- Promotional film poster
- Directed by: Amy Redford
- Written by: Amos Poe
- Produced by: Amy Redford Heyward Collins Bob Jason Amos Poe Brad Zions
- Starring: Saffron Burrows
- Cinematography: Bobby Bukowski
- Edited by: David Leonard
- Music by: David Mansfield
- Production companies: Applecreek Productions RedGuitar Breakout Pictures Artists / Media Cooperation Cold Fusion Media Group
- Distributed by: Lightning Media
- Release date: November 7, 2008;
- Running time: 95 minutes
- Country: United States
- Language: English

= The Guitar (film) =

2008 film directed by Amy Redford

The Guitar is a 2008 American drama film directed and co-produced by Amy Redford. It stars Saffron Burrows as a woman who decides to pursue her dreams after being diagnosed with a terminal disease, fired from her job and abandoned by her boyfriend.

==Plot==

Melody "Mel" Wilder is diagnosed with laryngeal cancer. She is fired from her job and abandoned by her boyfriend. With nothing left to lose, and given only two months to live, she spends her life's savings to rent a palatial loft in Greenwich Village. Thinking she will never have to pay the landlord, she lives off her credit cards, and fills the loft with high-priced products.
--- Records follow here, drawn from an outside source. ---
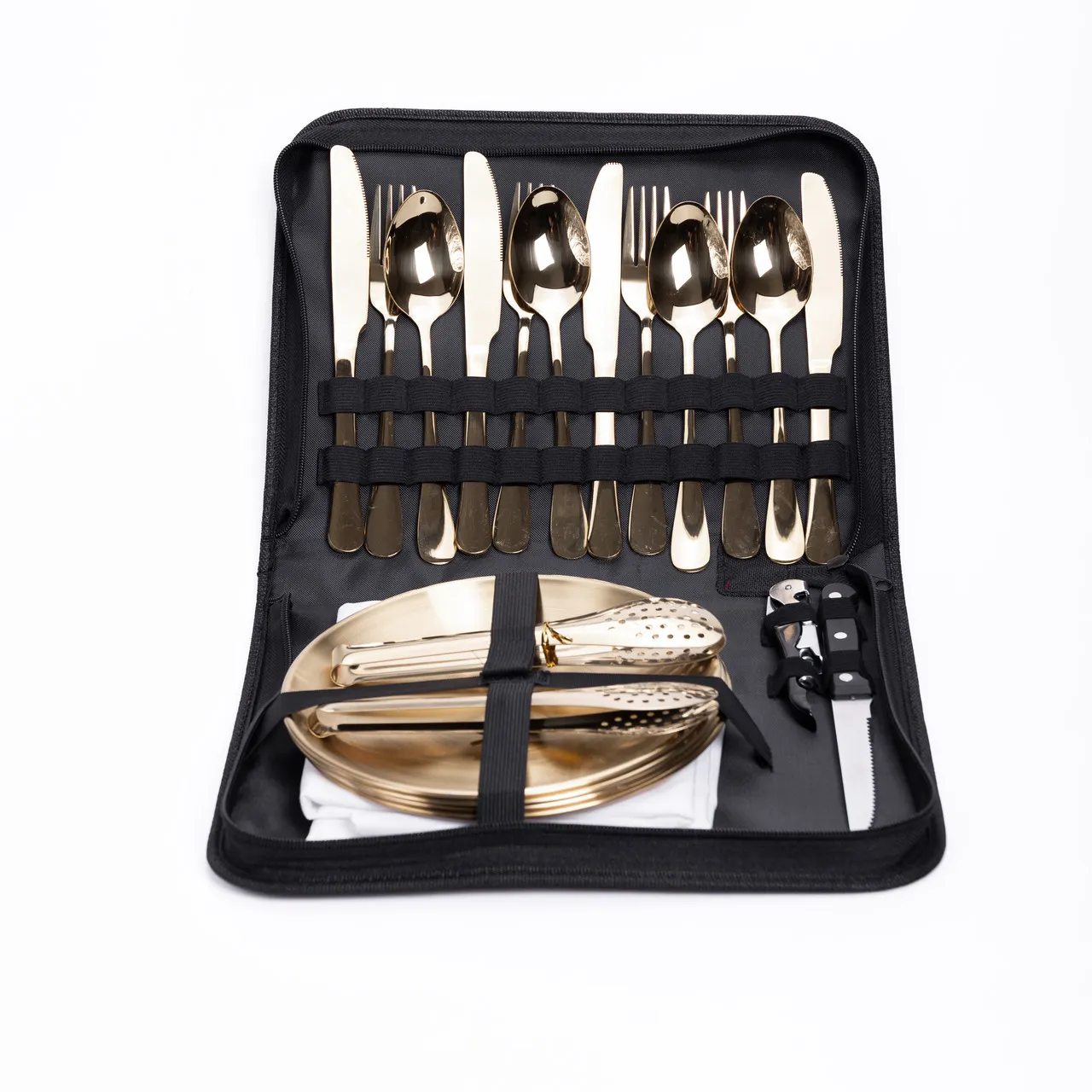 Усі предмети виготовлені з високоякісної нержавної сталі золотистого кольору, завдяки чому комплект відзначається довговічністю, стійкістю до корозії та механічних пошкоджень. Вага набору становить усього 1.7 кг, що робить його легким для переноски, а розмір кейса 32×25×5 см дозволяє зручно розмістити його у багажнику автомобіля або рюкзаку.
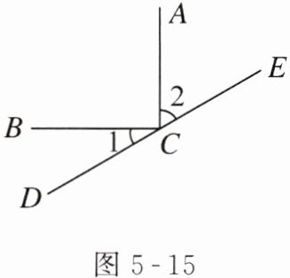 7. 如图5-15所示,已知直线 $ AC $ 与直线 $ BC $ 互相垂直,直线 $ DE $ 经过点 $ C $,如果 $ \angle 1 = 35° $,那么 $ \angle 2 $ 为……【】
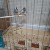 Волнистые попугайчики в вольере. - Пара молодых волнистых попугаев
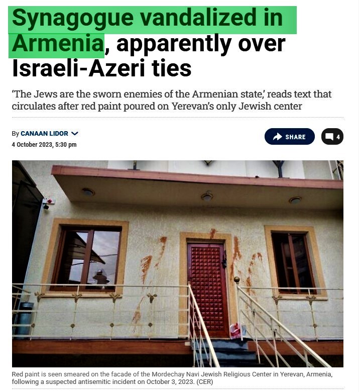 Ermənistanda yaşayan azsaylı yəhudilərin daim hədələnməsi, İrəvandakı Yəhudi Mədəniyyət Mərkəzinin vandalizm aktına məruz qalması, 2023-ci ilin oktyabr ayında şəhərdəki yeganə sinaqoqun “Molotov” kokteyli ilə yandırılması, sinaqoqun divarlarının təhqiredici ifadələrlə boyadılması bu ölkədə başqa xalqlara qarşı etnik-dini nifrəti açıq nümayiş etdirir. timesofisrael
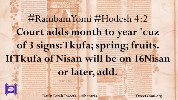 #RambamYomi #Hodesh 4:2 Court adds month to year ‘cuz of 3 signs: Tkufa; spring; fruits. If Tkufa of Nisan will be on 16Nisan or later, add.
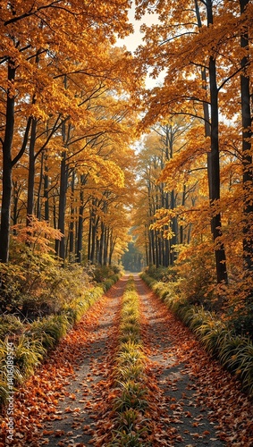 Fototapeta premium Tranquil autumn forest trail with colorful leaves and sunlight streaming through tall trees
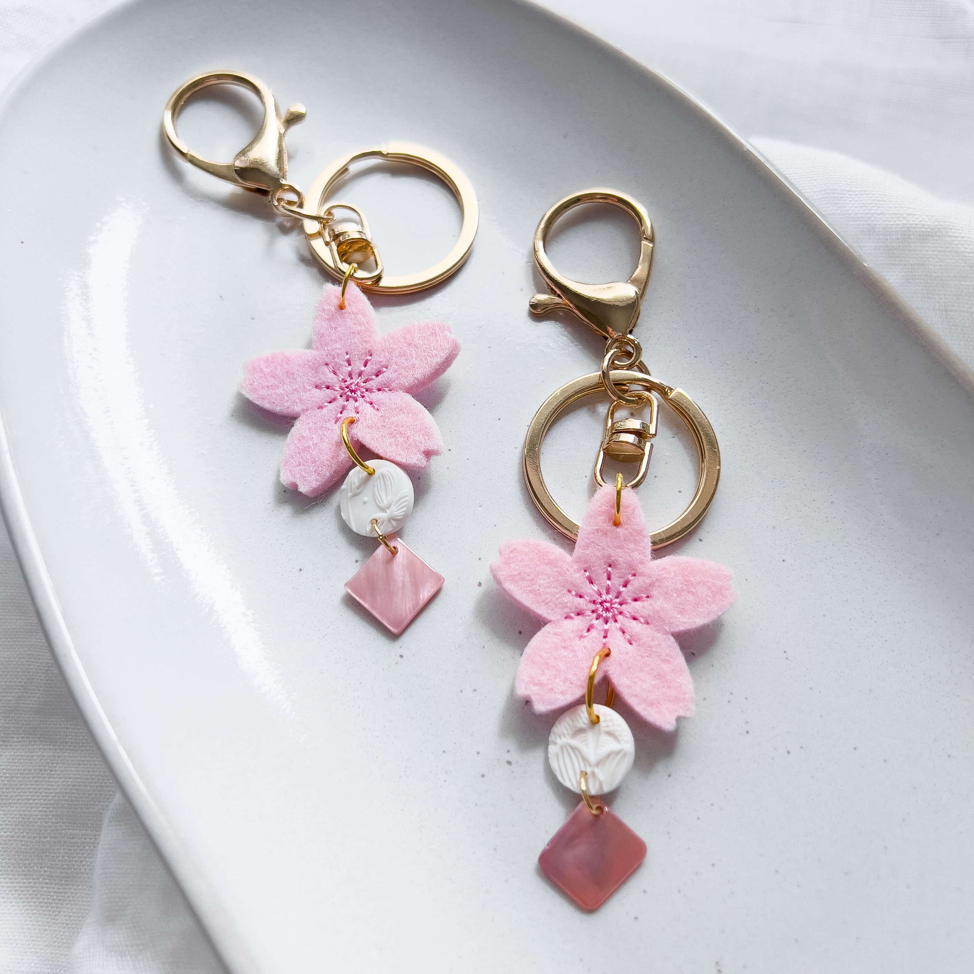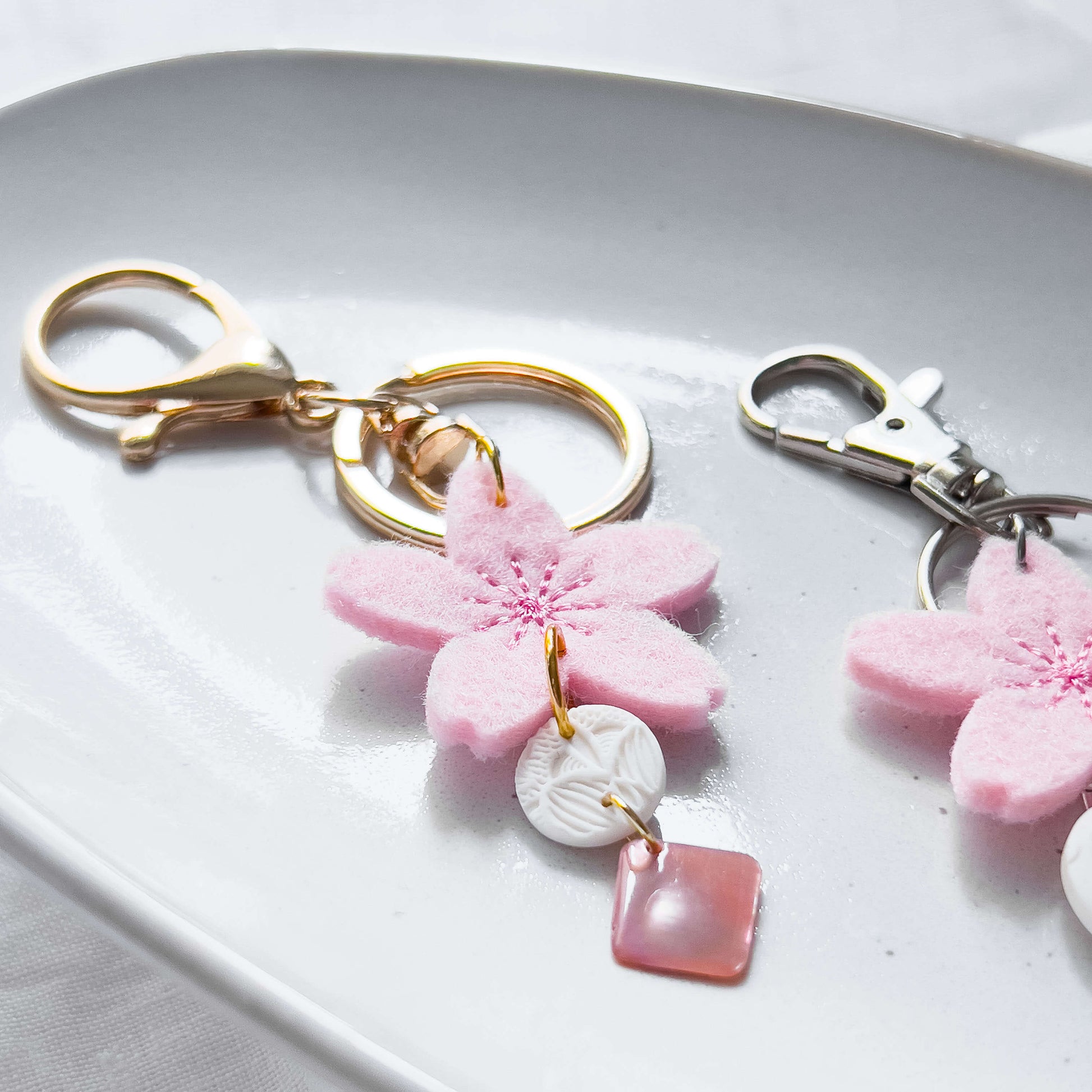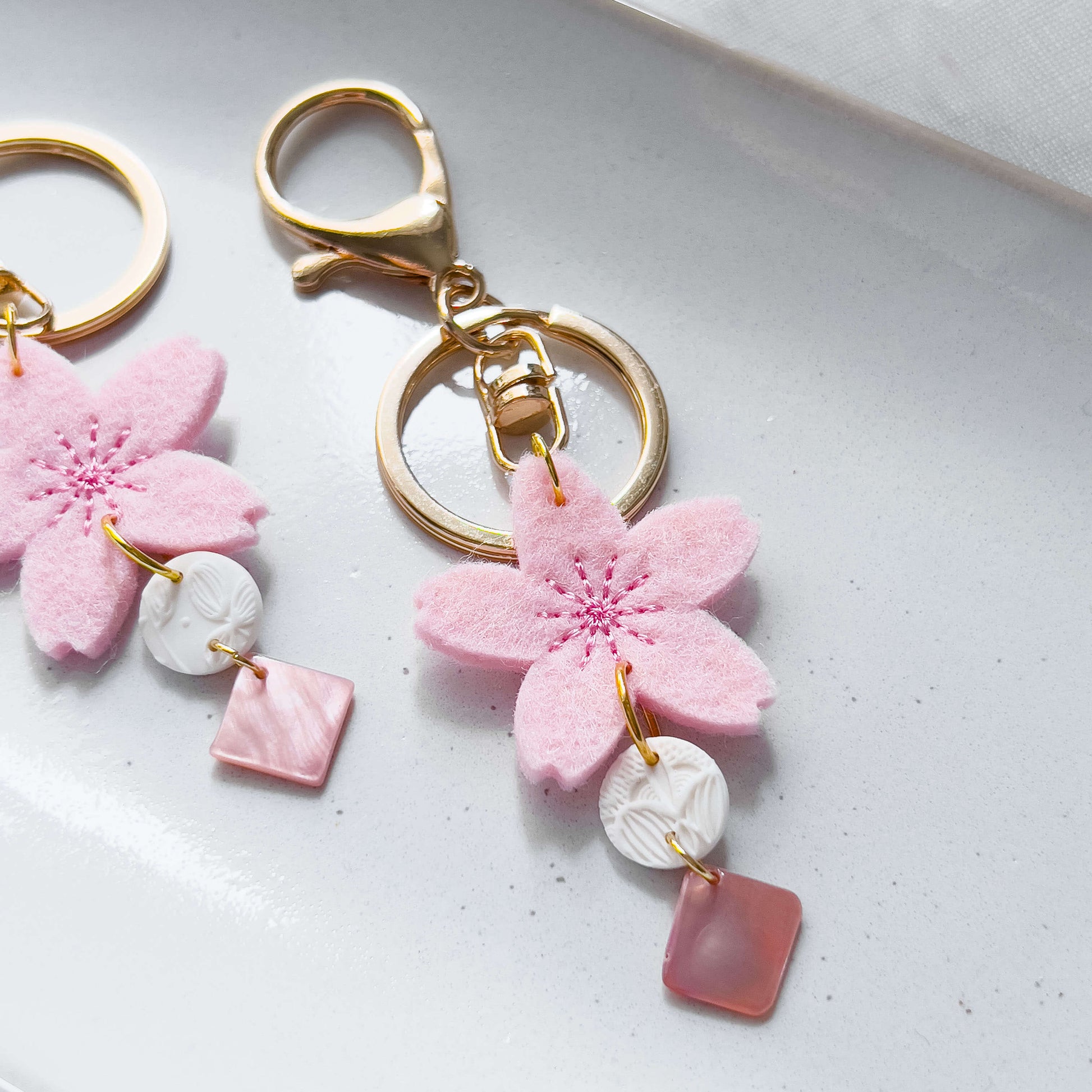 Die große Kirschblüte aus Filz gibt dir etwas zu greifen, wenn du nach deinem Schlüssel suchst. Der runde weiße Anhänger in Kombination mit einem rosafarbenen Muschelblatt bzw. roséfarbenen Plättchen runden das einzigartige Design ab.
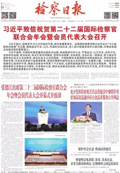 2017年9月11日上午,第二十二届国际检察官联合会年会暨会员代表大会在北京开幕。习近平总书记向大会发来贺信,对会议召开表示祝贺。
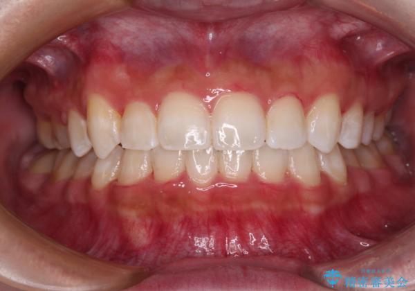 前から5番目の乳歯は、後続永久歯である小臼歯と比べて幅径が大きいため、移動に時間がかかりましたが、きれいに仕上げることができました。
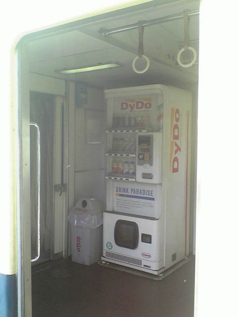 写真1:大井川鉄道の中には普通に大きな自動販売機が…。
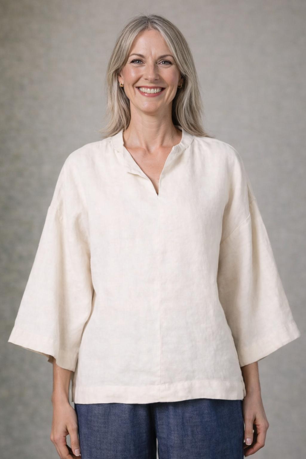 Discover effortless spring style with this Cut Loose linen pullover, designed to move with you. The relaxed drop shoulder and center seam create a flattering silhouette, while the split neck detail adds a modern touch to the classic round neckline.
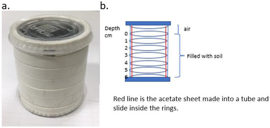 A stacked ring system [14,24] was developed and consisted of 7 stacked rings made of PVC tubing (5.25 mm ID, 6 mm outer diam and 1 cm thick) (Figure 1a). The bottom ring was placed in a plastic lid (Solo PL2, Lake Forest, IL, USA) that fit snugly, and 6 rings were stacked on top. A liner made of an acetate sheet (20 cm × 6.5 mm tall) was formed into a cylinder and placed inside the rings and served to hold and stabilize the ring stack (Figure 1b). A substrate was added to each ring to the top of the 6th ring, and a lid was added to the top of the 7th ring, which provided 1 cm of air space. All substrates were used at similarly low levels of compaction.
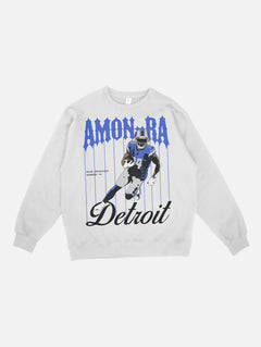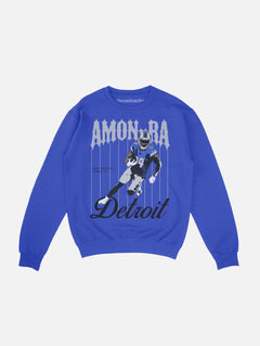 This retro Detroit football sweatshirt features a vintage illustration of wide receiver Amaon-Ra St. Brown. This blue and white retro grunge crewneck features a grunge illustration and is the perfect gift for Detroit football fans in the state of Michigan.

She seduces the parcel-delivery man and a pizza delivery girl and teaches herself to play the electric guitar she has romanticized since childhood. These life affirming experiences transform her irrevocably, as she discovers a passion for life and the will to live.

==Reception==
As of June 2020, The Guitar holds a 33% approval rating on Rotten Tomatoes, based on 18 reviews with an average rating of 4.62/10.